/nanopore-basecaller-training

Experiments on training the nanopore basecaller (bonito -> guppy is the goal)

Primary LanguageShellMIT LicenseMIT

Nanopore Basecaller Training

Several folks are interested, trying to centralize the info.

Getting Started

Install Bonito

conda update -n base -c defaults conda
conda create -n bonito python=3.8 pip
conda activate --stack bonito
pip install --extra-index-url https://download.pytorch.org/whl/cu116 ont-bonito
pip install -r bonito/requirements.txt

Change cu116 to your CUDA version (run nvidia-smi to find it, it’ll be on the top right)

Download Models

bonito download --models --show
bonito download --models --all

You can cancel it at the training data (I think?). My gpugpu machine has very little hard drive space so I did.

Create a minimap2 index

minimap2 -d index.mmi assembly.fasta

Basecall with --save-ctc

Trying this now

bonito basecaller dna_r9.4.1_e8_sup@v3.3 ~/stonefly/all_fast5/ --batchsize 384 --reference index.mmi --save-ctc --recursive --device "cuda:0" --alignment-threads 16 > basecalled-default-model/basecalls.bam

Did not work.

bonito basecaller dna_r9.4.1_e8_sup@v3.3 ~/stonefly/all_fast5/ --batchsize 384 --reference index.mmi --save-ctc --recursive --device "cuda:0" --alignment-threads 16 | samtools view -S -b - > basecalls.bam
Note
It has to be in the order as above, or the ctc will not save! basecaller model filepath THEN options.

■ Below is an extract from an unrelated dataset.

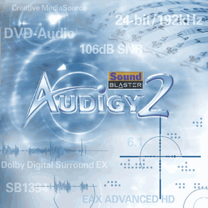 Итак, чем же замечательна карта Audigy2? В первую очередь, это пока единственная звуковая карта для PC, обеспечивающая реальную возможность воспроизведения музыкальных дисков следующего поколения — DVD-Audio, - которые могут содержать данные в форматах стерео вплоть до 24 бит 192 кГц или в 6-канальном формате 24 бит 96 кГц. Таким образом, карта Audigy2 обеспечивает поддержку максимального формата данных, встречающегося в DVD-Audio дисках.

Default batch size is 32 (I’m 90% certain). Best to try and increase it. When it crashes from memory, best to killall bonito from another shell. I can get batchsize of 384 and it cuts a little over half an hour off on my dataset (51Gb of fast5 files). And we can work with that number on the following steps.

This led to this error:

> reading fast5 outputting aligned sam loading model dna_r9.4.1_e8_sup@v3.3 loading reference
Exception in thread Thread-27: Traceback (most recent call last): File
  "/home/josephguhlin/.asdf/installs/python/anaconda3-2021.05/envs/bonito/lib/python3.8/threading.py", line 932,
  in _
bootstrap_inner self.run() File
  "/home/josephguhlin/.asdf/installs/python/anaconda3-2021.05/envs/bonito/lib/python3.8/site-packages/bonito/io.py",
line 563, in run np.save(os.path.join(output_directory, "chunks.npy"), chunks) File "<__array_function__
  internals>", line 5, in save File
  "/home/josephguhlin/.asdf/installs/python/anaconda3-2021.05/envs/bonito/lib/python3.8/site-packages/numpy/lib/npyio
.py", line 525, in save file_ctx = open(file, "wb") FileNotFoundError: [Errno 2] No such file or directory:
'/proc/2487219/fd/chunks.npy'
> completed reads: 2393454 duration: 1:59:37 samples per second 3.3E+06
> done

The problem was samtools. Bonito tries to be smart about the output directory while using pipes, but this breaks using pipes for anything other than file output.

Update

Crashing from memory or shoddy connection to the server. Copying a subset over and trying again.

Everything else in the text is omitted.